The main difference from the earlier set is some cleanup and fixes for
the thread_count handling in the files_struct. The original looked a
bit more ugly without the new helper function, and didn't get the
refcounting right in the unshare case, which was discovered by the
kernel test robot seeing the new WARN pop up during one test.

At this point, I'm mainly interested in whether this is the correct
approach to fix this at all. It is along the lines of what Eric B.
suggested, but I'm not sure whether it may break other cases that I
haven't considered.

-------------------------8<----------------------

A few months ago, Dan reported that when you call execve in process that
is multithreaded, any traditional POSIX locks are silently dropped.

The problem is that we end up unsharing the files_struct from the
process very early during exec, when it looks like it's shared between
tasks. Eventually, when the other, non-exec'ing tasks are killed, we
tear down the old files_struct. That ends up tearing down the old
files_struct, which ends up looking like a close() was issues on each
open fd and that causes the locks to be dropped.
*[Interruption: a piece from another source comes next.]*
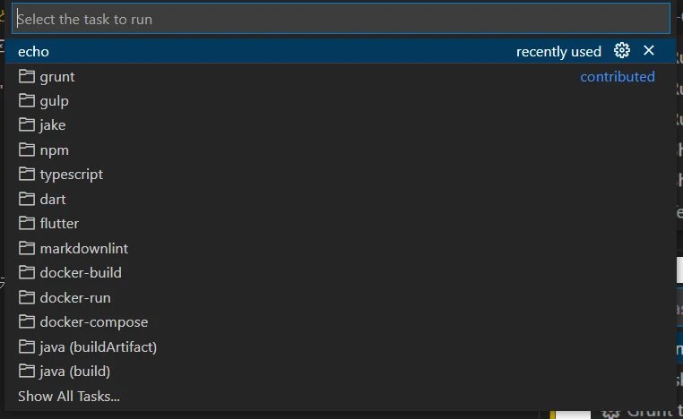 Ctrl + Pでコマンドパレットを開いて、Tasks: Run Taskを実行する。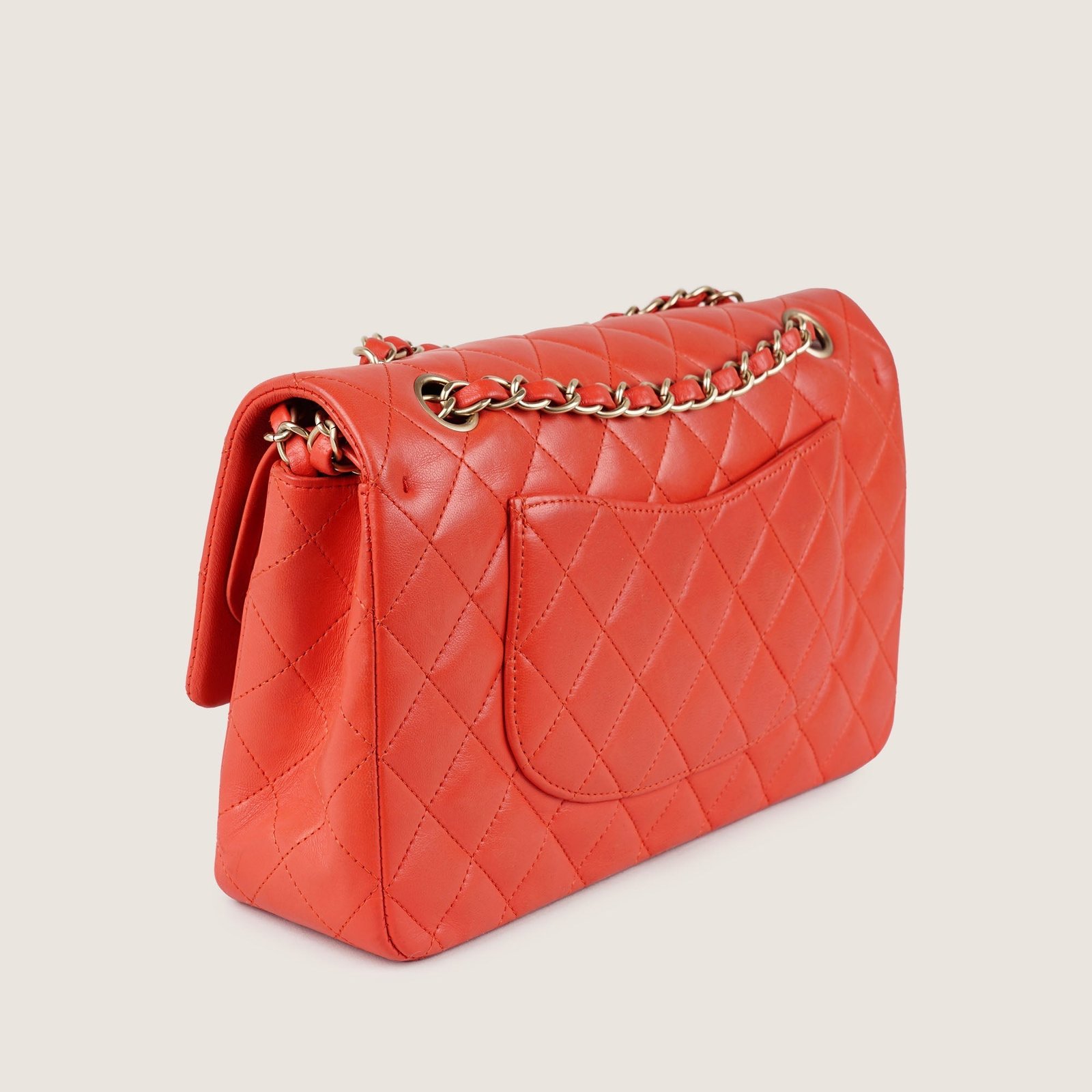 This is an authentic Chanel Classic Medium Double Flap Bag in Orange Lambskin.

This patchset is a second stab at fixing this issue, this time following
the method suggested by Eric Biederman. The idea here is to move the
unshare_files() call after de_thread(), which helps ensure that we only
unshare the files_struct when it's truly shared between different
processes, and not just when the exec'ing process is multithreaded.

This seems to fix the originally reported problem (now known as xfstest
generic/484), and basic testing doesn't seem to show any issues.

During the original discussion though, Al had mentioned that this could
be problematic due to the fdtable being modifiable by other threads
(or even processes) during the binfmt probe. That may make this idea
non-viable.

I'm also not terribly thrilled with the way this sprinkles the
files_struct->file_lock all over the place. It may be possible to do
some of this with atomic ops if the basic approach turns out to be
reasonable.

Comments and suggestions welcome.

Jeff Layton (3):
exec: separate thread_count for files_struct
exec: delay clone(CLONE_FILES) if task associated with current
files_struct is exec'ing
exec: do unshare_files after de_thread

fs/coredump.c | 2 +-
fs/exec.c | 27 +++++++++++++++++++--------
fs/file.c | 19 +++++++++++++++++--
include/linux/binfmts.h | 1 +
include/linux/fdtable.h | 3 +++
kernel/fork.c | 25 ++++++++++++++++++++-----
6 files changed, 61 insertions(+), 16 deletions(-)

--
2.17.1